The SC Times reports:
“Unfortunately, this bill does nothing to help lower-income students pay for the skyrocketing cost of college tuition,” Bachmann said in a statement.
“Instead, the Democrats put forth a bill that would cost taxpayers billions of dollars for a one-time, six-month window for those who have already graduated and presumably (are) employed,” said the Republican from the 6th Congressional District.
“As a mother of five, I’m in favor of solving the problem of out-of-control tuition increases, not simply continuing to throw more money at a broken system without any accountability,” Bachmann said.
Seems like Bachmann is trying to paint herself as a champion for low income students, on the side of working and middle class Minnesotan's.
Her voting record in the Minnesota Senate reflects something different.
In 2003, then Senator Bachmann voted against SF 1511, the Higher Education Finance Omnibus Bill. This bill did gut higher education in Minnesota, however it was significantly better than the Governor's proposal. The Senate File cut 8% from the base, whereas the Governor and GOP's response was a 15% cut. The GOP plan would have hurt more low income students.
In 2004, then Senator Bachmann voted against the Bonding Bill.
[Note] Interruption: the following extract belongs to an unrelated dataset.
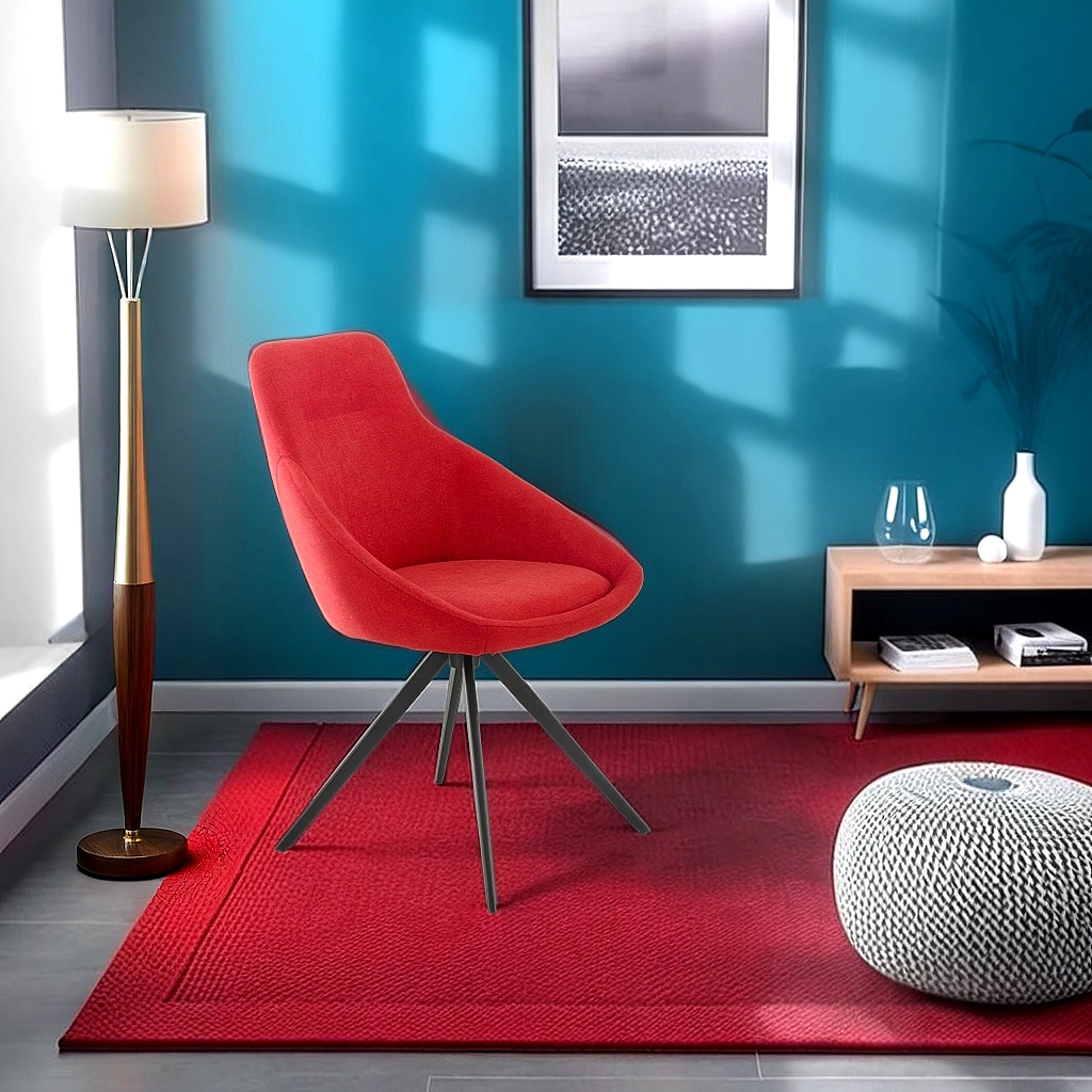 Židle Lea je určena těm, kdo si potrpí na originální styl a chtějí do svého interiéru vnést barevný akcent. Intenzivně červené čalouněné sedadlo upoutá pozornost a dodá místnosti moderní a energický charakter. Látka je příjemná na dotek a snadno se udržuje, takže židle si zachová svůj atraktivní vzhled po dlouhou dobu. Černá matná podnož z práškově lakované oceli zajišťuje stabilitu a skvěle ladí s moderními interiéry.

The impact on our college students, while significantly less than in other areas, is still felt. For a tried and true conservative like Bachmann to espouse "fiscal responsiblity and accountability" failing to fund HEAPR (Higher Educaiton Asset Protection and Rehabilitation) puts the burden for funding on the backs of students.
While a bill did not pass in 2004, they finally got it done in 2005, costing Minnesotans nearly $20 million in inflation costs.
In 2006, then Senator Bachmann voted against SF 3058, a bill making policy revisions in higher education. What was in SF 3058?
A provision for funding adjustments for the MnSCU and U of M systems, based on enrollment. In other words, if you have more students, we will give you more money. If you have less students, we will give you less money. Simple concept.
The Minnesota Dream Act.
A provision for Minnesota Seniors to attend a college class for free if space is available.
A study on the practices of the textbook industry and the impact of predatory pricing measures in the textbook industry.
A task force to determine the impact of U of M ag products on MN farmers.
Bachmann voted against all of this.
In addition to that, she voted against the bonding bill again.
While Congresswoman Bachmann likes to posit herself as a friend of higher education, a watchdog per se, her voting record has consistently shown she is not an advocate for affordable, accessible and quality public higher education.
I bet her alma mater, Winona State, is proud.